▸ Input data:
==============================
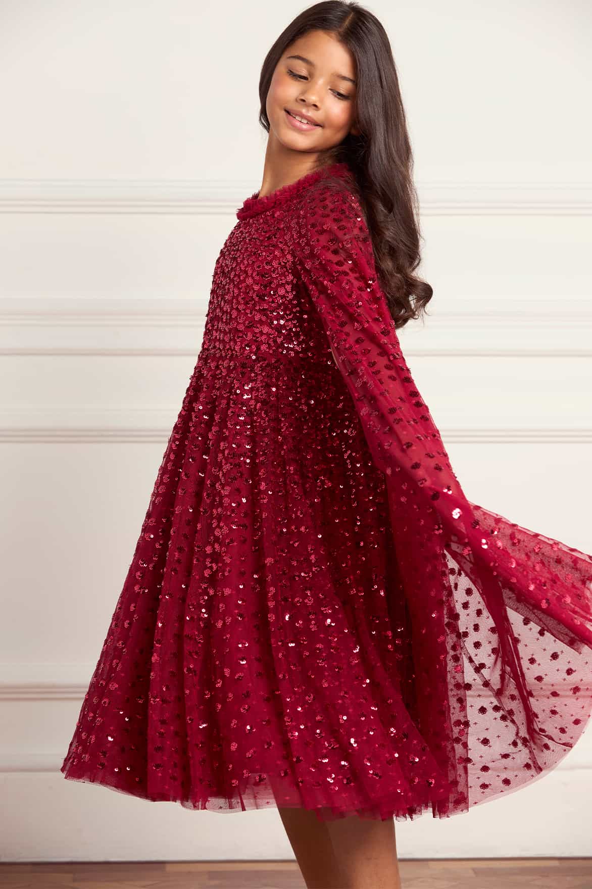 NEW SEASON. The Raindrop Cape Kids Dress in Red. Embroidered with sequins that scatter like falling stars, the gown features cape sleeves for dramatic effect and a flowing skirt for playful twirling. The red tone adds festive vibrancy, making it ideal for party season and celebrations. Pair with the Raindrop Cape Ankle Gown in Red from the adult collection for a coordinated look.
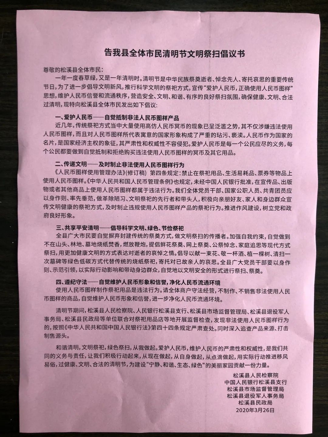 原标题:《清明普法 | 冥币滥用人民币图样?松溪检察发出检察建议》
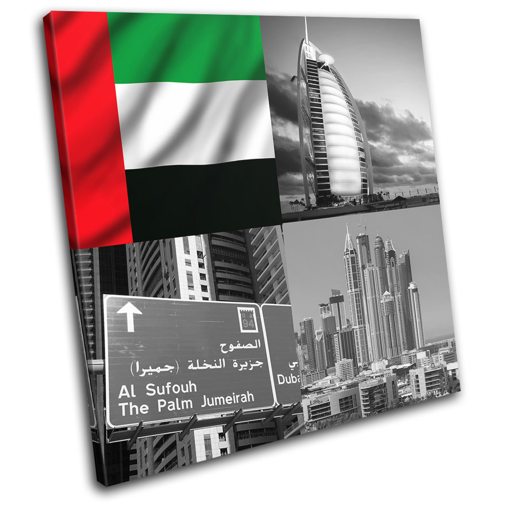 Dubai Collage City Landscapes Flag Urban Single Canvas Wall Art
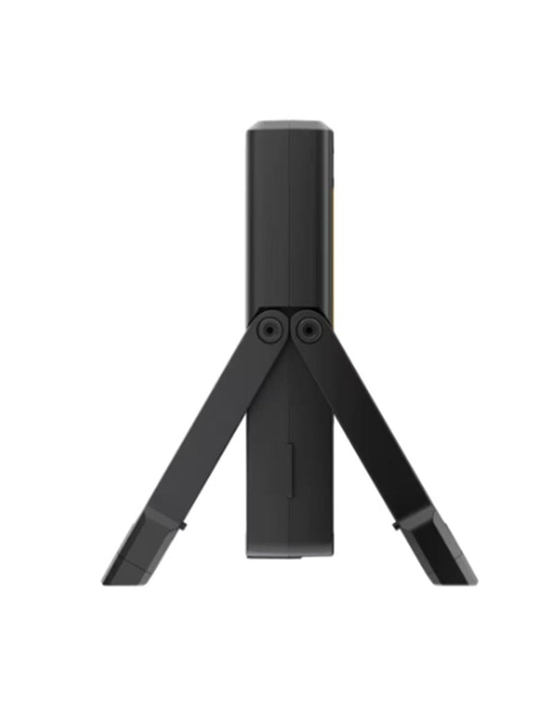 Verlängerte Bauform mit amber LEDs und rutschfester klappbarer Basis; robustes Design für anspruchsvolle Bedingungen.
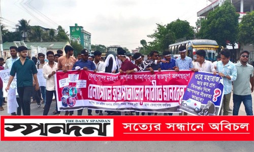 শেখ কাজিম উদ্দিন, বেনাপোল : দেশের সর্ববৃহত্তম স্থলবন্দর বেনাপোলে একটি পূর্ণাঙ্গ সরকারি হাসপাতাল প্রতিষ্ঠার দাবিতে ছাত্র জনতার মানববন্ধন ও বিক্ষোভ কর্মসূচীতে উত্তাল হয়ে ওঠে সীমান্তবর্তী এই জনপদ। রোববার (১৯ এপ্রিল) সকাল ৯টার দিকে বেনাপোল বলফিল্ড এলাকায় ‘বেনাপোলবাসী’ ব্যানারে এ কর্মসূচী শুরু হয়। এতে ছাত্র-যুবসমাজ, ব্যবসায়ী, শ্রমজীবী মানুষ, গণমাধ্যমকর্মীসহ সর্বস্তরের জনগণের স্বতঃস্ফূর্ত অংশগ্রহণ দেখা যায়।
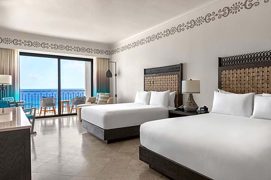 The Hilton Los Cabos offers a variety of rooms including suites and triple/quadruple rooms. All rooms are non-smoking and have an ocean view. The room sizes range from 549 sqft to 1270 sqft. The rooms can accommodate 3-4 adults and 2-3 children, with beds typically being either 1 king size bed or 2 queen size beds.
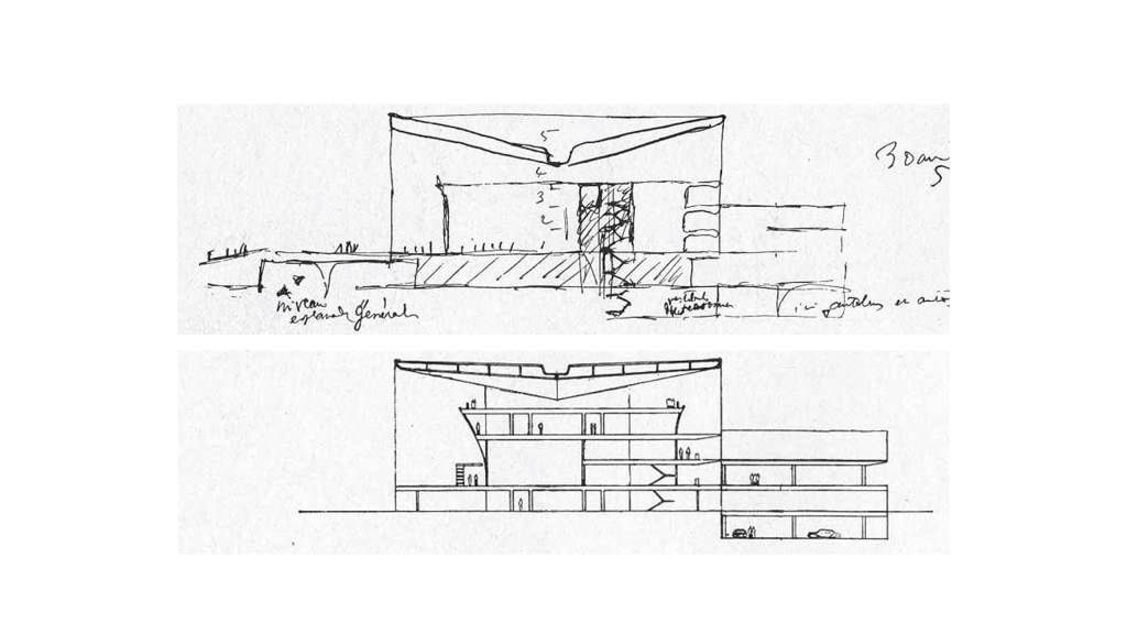 The next two outstanding buildings are in ‘folded plate’ in Ahmedabad. The first is a cricket stadium for the Ahmedabad Municipal Corporation completed in 1965. What is noteworthy is the delicacy and elegance that the structure attains as a thin fold plate, rises from the ground and forms an integral whole with the spectator stands and the twenty-meter cantilever roof. Each part of the structure works with the other in fine balance. (These are images of all the options he studied before he came to the final form.)
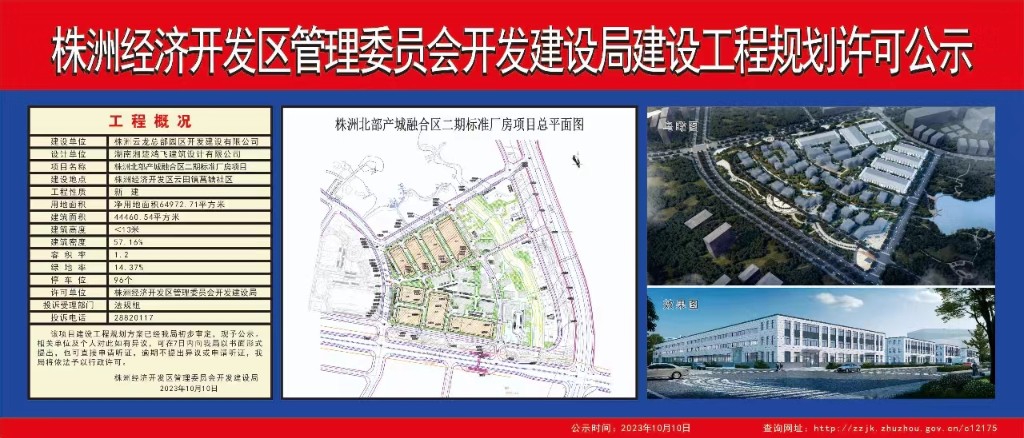 株洲云龙总部园区开发建设有限公司株洲北部产城融合区二期标准厂房项目建设工程规划许可公示
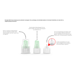 Unsere Pen-Nadeln bieten eine hervorragende Lösung für die tägliche Insulingabe. Entwickelt, um eine zuverlässige und komfortable Injektion zu gewährleisten, zeichnen sich diese Nadeln durch ihre minimalen Einstichtiefen und -breiten aus, was zu möglichst geringen Schmerzen führt. Die Nadeln sind in vier verschiedenen Größen erhältlich, um den individuellen Bedürfnissen gerecht zu werden.
==============================
▸ Exercise requirements: Every line above is to be written out unchanged, with the pictures omitted.

▸ Solution below:
 NEW SEASON. The Raindrop Cape Kids Dress in Red. Embroidered with sequins that scatter like falling stars, the gown features cape sleeves for dramatic effect and a flowing skirt for playful twirling. The red tone adds festive vibrancy, making it ideal for party season and celebrations. Pair with the Raindrop Cape Ankle Gown in Red from the adult collection for a coordinated look.
 原标题:《清明普法 | 冥币滥用人民币图样?松溪检察发出检察建议》
 Dubai Collage City Landscapes Flag Urban Single Canvas Wall Art
 Verlängerte Bauform mit amber LEDs und rutschfester klappbarer Basis; robustes Design für anspruchsvolle Bedingungen.
 শেখ কাজিম উদ্দিন, বেনাপোল : দেশের সর্ববৃহত্তম স্থলবন্দর বেনাপোলে একটি পূর্ণাঙ্গ সরকারি হাসপাতাল প্রতিষ্ঠার দাবিতে ছাত্র জনতার মানববন্ধন ও বিক্ষোভ কর্মসূচীতে উত্তাল হয়ে ওঠে সীমান্তবর্তী এই জনপদ। রোববার (১৯ এপ্রিল) সকাল ৯টার দিকে বেনাপোল বলফিল্ড এলাকায় ‘বেনাপোলবাসী’ ব্যানারে এ কর্মসূচী শুরু হয়। এতে ছাত্র-যুবসমাজ, ব্যবসায়ী, শ্রমজীবী মানুষ, গণমাধ্যমকর্মীসহ সর্বস্তরের জনগণের স্বতঃস্ফূর্ত অংশগ্রহণ দেখা যায়।
 The Hilton Los Cabos offers a variety of rooms including suites and triple/quadruple rooms. All rooms are non-smoking and have an ocean view. The room sizes range from 549 sqft to 1270 sqft. The rooms can accommodate 3-4 adults and 2-3 children, with beds typically being either 1 king size bed or 2 queen size beds.
 The next two outstanding buildings are in ‘folded plate’ in Ahmedabad. The first is a cricket stadium for the Ahmedabad Municipal Corporation completed in 1965. What is noteworthy is the delicacy and elegance that the structure attains as a thin fold plate, rises from the ground and forms an integral whole with the spectator stands and the twenty-meter cantilever roof. Each part of the structure works with the other in fine balance. (These are images of all the options he studied before he came to the final form.)
 株洲云龙总部园区开发建设有限公司株洲北部产城融合区二期标准厂房项目建设工程规划许可公示
 Unsere Pen-Nadeln bieten eine hervorragende Lösung für die tägliche Insulingabe. Entwickelt, um eine zuverlässige und komfortable Injektion zu gewährleisten, zeichnen sich diese Nadeln durch ihre minimalen Einstichtiefen und -breiten aus, was zu möglichst geringen Schmerzen führt. Die Nadeln sind in vier verschiedenen Größen erhältlich, um den individuellen Bedürfnissen gerecht zu werden.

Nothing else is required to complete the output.